A new way of developing software

In his book, Haff regards open source as "a broader movement for organization, collaboration, innovation, and development," as opposed to the narrower sense associated with people's right to access free software. Open source turned out to be a disruptor that changed the way software was developed. From Haff's account, one gets the impression that the emergence of open source, and Linux in particular, was an inevitable outcome. The rise of the Internet had changed everything and Microsoft, the king of the software market at the time, was slow to react to this change. If it weren't for Linus Torvalds, some other coder would take advantage of this window of opportunity. This position is supported by a quote from Bryan Cantrill, an engineer and co-founder of Oxide Computer, who says:

"I think if it's not Linux, it would have been one of the BSD variants that would have been the de facto Unix on x86. It is the rise of the Internet, and it is the rise of SMP [symmetrical multiprocessing] to a lesser degree, and then the rise of commodity microprocessors as the highest performing microprocessors to which Linux grabbed a ride, drafted on those economic mega-trends, but did not really contribute to them."

Open source can be a confusing concept for regular folks to understand. First, just because some software is open-source doesn't mean it is free of charge. Red Hat, the company Haff has worked for since 2010, illustrates this point. Secondly, "open" does not mean "vulnerable." On the contrary, contributions from elite developers all over the world make a project more resilient. Thirdly, there is the issue of open-source licenses. Why would you need to use something that is seemingly open and free? Haff does a good job of touching upon topics like these and explaining them to the uninitiated.

Only selectively open

Haff also draws attention to a problem that might have far more serious ramifications for our society today than whether some piece of code is open or proprietary. He highlights that companies like Google and Facebook are rather enthusiastic about open-sourcing their code, but they are much more reluctant when it comes to sharing their data. The two tech giants, often criticized for the morally questionable methods they employ to gather data, are effectively using their open-source contributions for a charm offensive to present a better image. They have achieved this without compromising the opaqueness of how they gather and handle data, which happens to be our data.

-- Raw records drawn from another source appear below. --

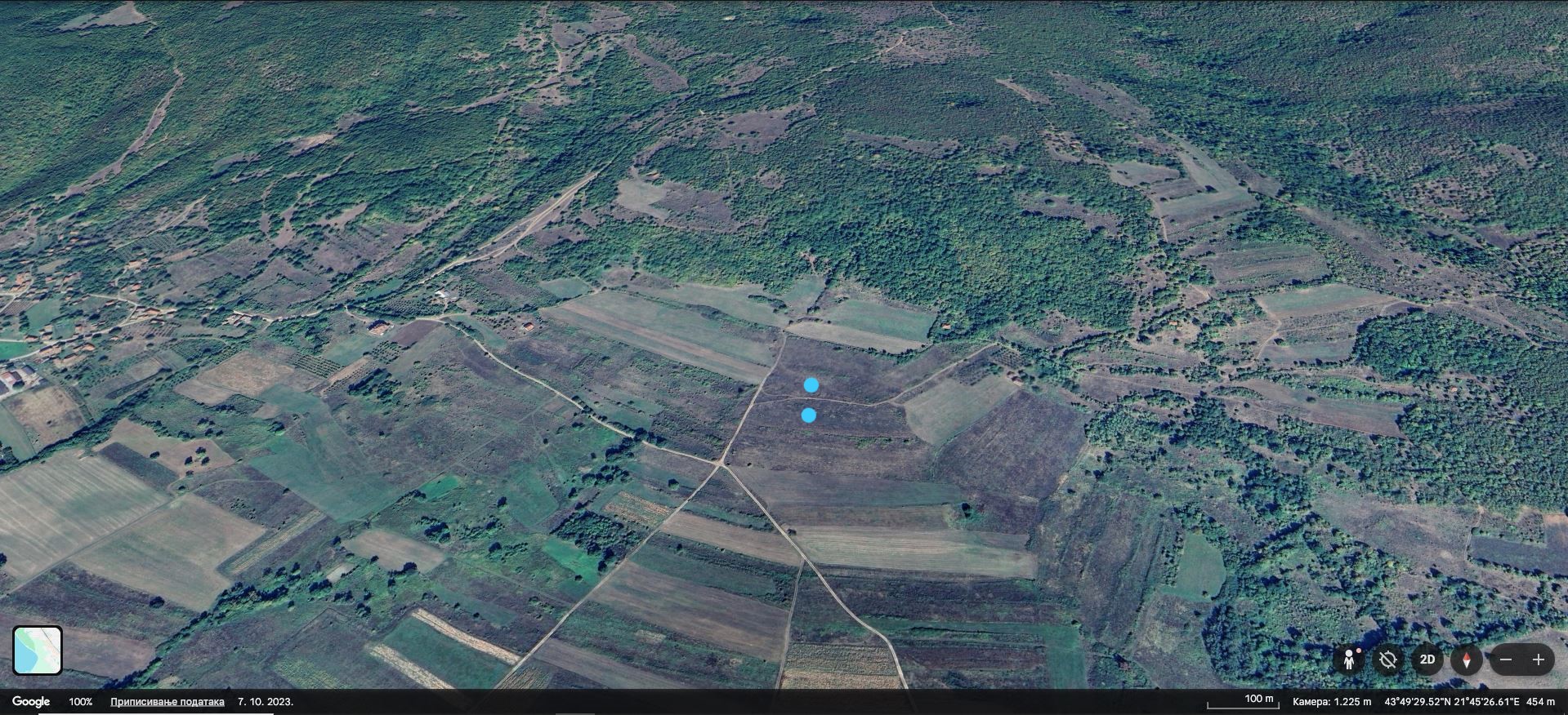 Na geosnimku plavom tačkicom je obeležena parcela.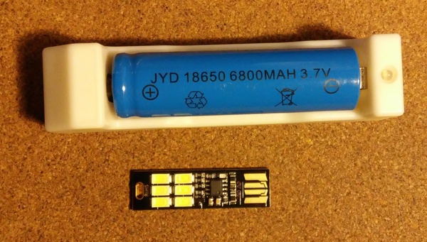 Рядом с фонариком для масштаба повербанк с аккумулятором 18650.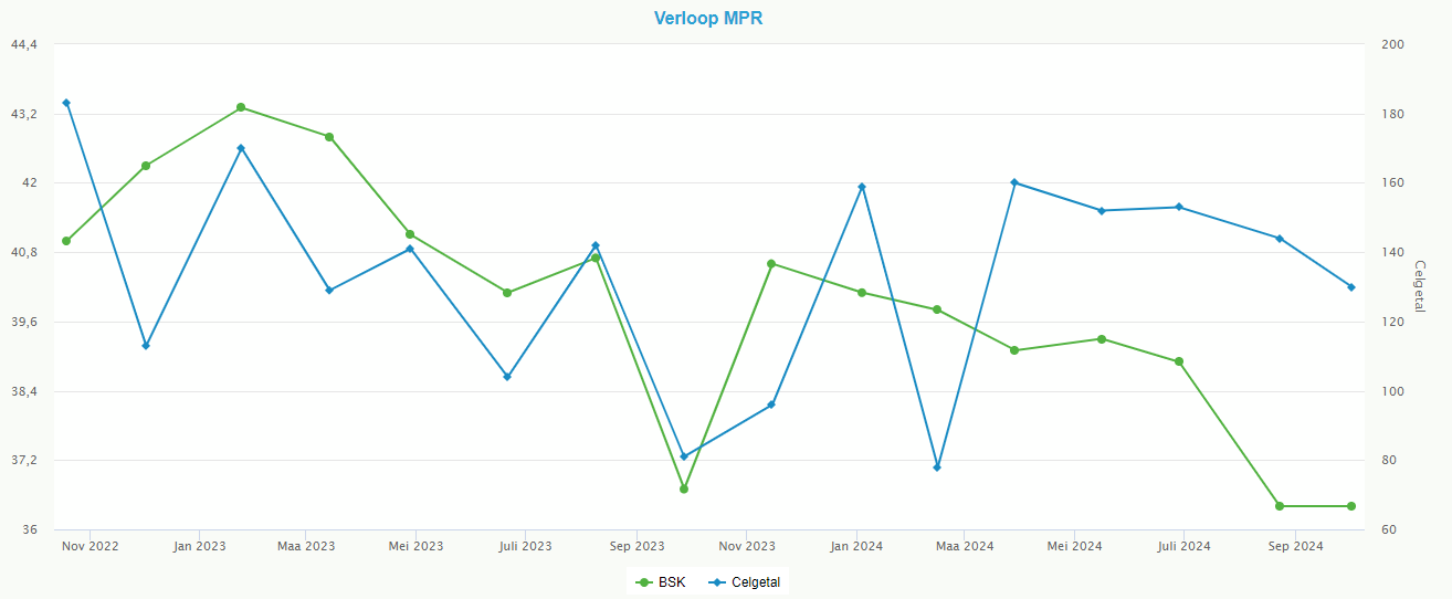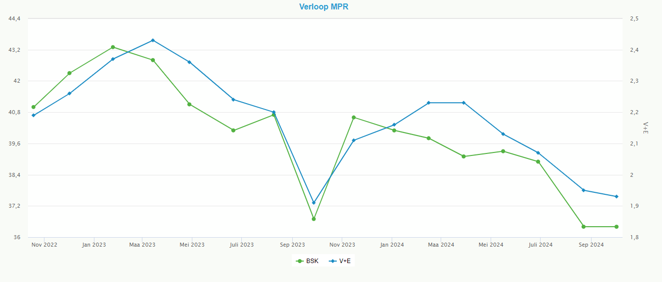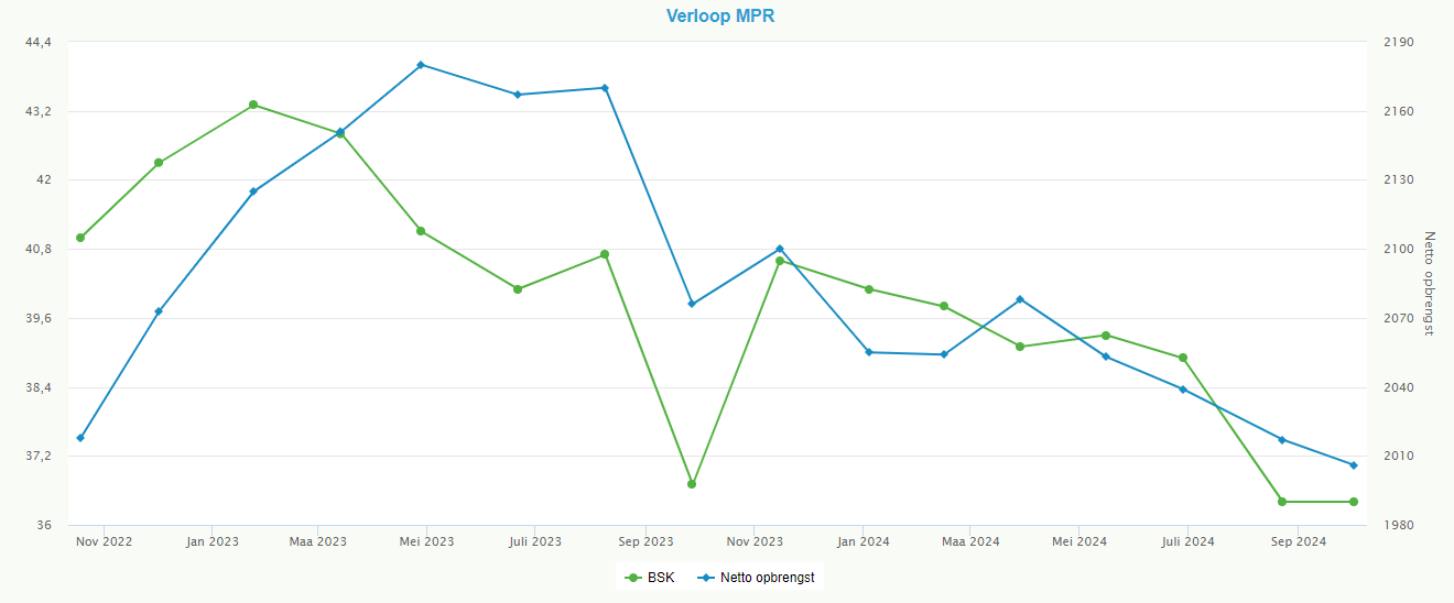 De verloop van de MPR is een grafiek op te vragen onder Melkcontrole. In de Verloop MPR is de BSK en Netto opbrengst in te zien van de afgelopen 2 jaar op het moment van opvragen.

However, the book isn't without its flaws. Its layout is a little confusing, as it usually happens when you try to blend a chronological narrative with a subject-based approach. The author spends page after page giving his readers tips on how to name a product in another section. He delves into topics such as the history of software, open data, open education, open hardware, and open culture, which are only tangentially related to open source while wrapping up the book. In that sense, the book sometimes feels like a collage of excerpts brought together from different texts or speeches and lacks coherence.

Final thoughts

Still, How Open Source Ate Software is worth a read to understand and appreciate how open source has evolved, changing our lives in the meantime. After all, it is one of the most unlikely stories in the tech world: A modern version of the well-known biblical story of David and Goliath, but with a different ending. This time, the flimsy David doesn't go so far as to destroy the giant but befriends him after teaching him a lesson. By first proving its mettle and then winning over the hearts and minds of everyone, including software companies whose livelihood depended on proprietary software, what open-source software has achieved so far is no less impressive than what David did.